When technology workers talk about incident response, we are talking about a specific group of practices, which recur across many organizations. When the organization encounters some excursion from its normal state, its staff declare an incident to deliver an immediate response. Incident work follows a recognizable stereotype: it interrupts normal flows of work, people are re-tasked (or expected to re-task themselves) to resolve incidents as soon as possible, and staff are frequently also tasked with reviewing the incident after the fact in the hopes of identifying why it happened and what to do about it longer term.

In organizations that do some variety of incident response, incident work has effectively unlimited priority. Someone working on an active incident is allowed, and even expected, to drop nearly any other commitment, is justified in interrupting any conversation (within the community of people who are accountable for incidents, anyways), and is generally allowed to recruit peers into the incident at their discretion, granting them the privileges in the process. The only thing that is more important than an incident is, in general, another incident.

Incident work is also, frequently, the only time business stakeholders and technical staff are on even remotely the same page about what must be done and when. Incidents of sufficient seriousness regularly pull in stakeholders from across the organization, giving technical staff direct, immediate, and often minimally-supervised access to the attention of senior executives, lawyers, customer service leadership, and other organizational functions that are normally insulated from technical departments through layers of business functionaries. While those groups may speak different language, the question “what do you need to resolve this” allows them to communicate clearly and directly in the moment.

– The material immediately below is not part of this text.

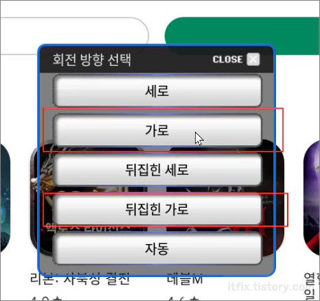 회전 제어 앱을 실행하고 가로 모드 또는 뒤집힌 가로 모드를 한번 클릭해 준 다음 데스가르드 게임 창으로 돌아오면 설정이 적용됩니다.

Nearly universally, organizations that include incident work in their staff expectations also expect staff to take time to learn or be trained on their approach to handling incidents. At the same time, incident response work is common enough to technical organizations that there are courses you can take to learn how to do it, which purport to apply to broad categories of organizations. Equally, many organizations I’ve worked with have tried to organize incident training for their staff, in the hopes of improving the outcomes of incident work for the organization; clearly, those organizations, at least, have seen value in the idea that these skills are broadly transferrable.

What gets to be “an incident” is, probably, the one thing I’ve seen organizations disagree on. The dynamics above mean that incident work is both an opportunity to get urgent work done when it might otherwise not be prioritized, and a way for the people doing that work to get recognition for exceptional contributions (since incidents are, almost definitionally, viewed as exceptional circumstanaces). As a result, everyone wants to be sure that something they feel is urgent is recognizable to the organization through the lens of “this is an incident.” And, therefore, what constitutes an incident can range from anything as business-impacting as payments not being processed or confidential information being shared inappropriately, down to functional failures such as image previews not showing up when expected in a chat application, and often below that even down to purely technical excursions, defined more by some metric being outside of the developers’ expectations than by any outwardly-visible change in the organization’s behaviour.

Organizations I’ve worked with split this difference by assigning these categories a “severity,” with the things the execs or board members care about being given higher severity than the things that line workers get alarmed by; this is a practice common enough that you can make many technical workers laugh nervously by joking that the true measure of an incident’s severity is the number of rules you break working on it. What we’re really talking about, though, is the reality that the organization is suddenly able to agree on the importance of a task, at any level of severity, once that task becomes an incident - which can only be true if the organization is not capable of agreeing on the importance of tasks outside of incidents, or at least, not capable of doing so for long enough to action those agreements.

I contend that incident response represents a breakdown in the organization’s ability to effectively prioritize work and to hold itself accountable for completing work. Operational, legal, or professional excursions from the norm will happen no matter how prepared an organization is or how careful they are in their work, and those excursions will inevitably force the organization to respond to them - potentially quickly. How an organization responds to those excursions, and how it structures that work, says a lot about how much faith they have in their routine processes. Having a separate “incident response” mode for work means that the organization is unable to trust that work in the incident category, generally work which is both urgent and important, will actually be done on an urgent basis.

Furthermore, I contend that we, as technology professionals, cultivate this breakdown, because incident work is one of the few ways we feel we are able to exert agency over the actions of the organization. By play-acting as fire-fighters or air traffic controllers, we gain the temporary authority to Do The Right Thing, and to be seen doing it by people with the authority to give us raises and promotions, when the routine processes of the organization do not provide those opportunities. We sabotage ourselves, in so doing; by segregating the politically and personally important work to exceptional processes, we create the justification for excluding that work from the routine process.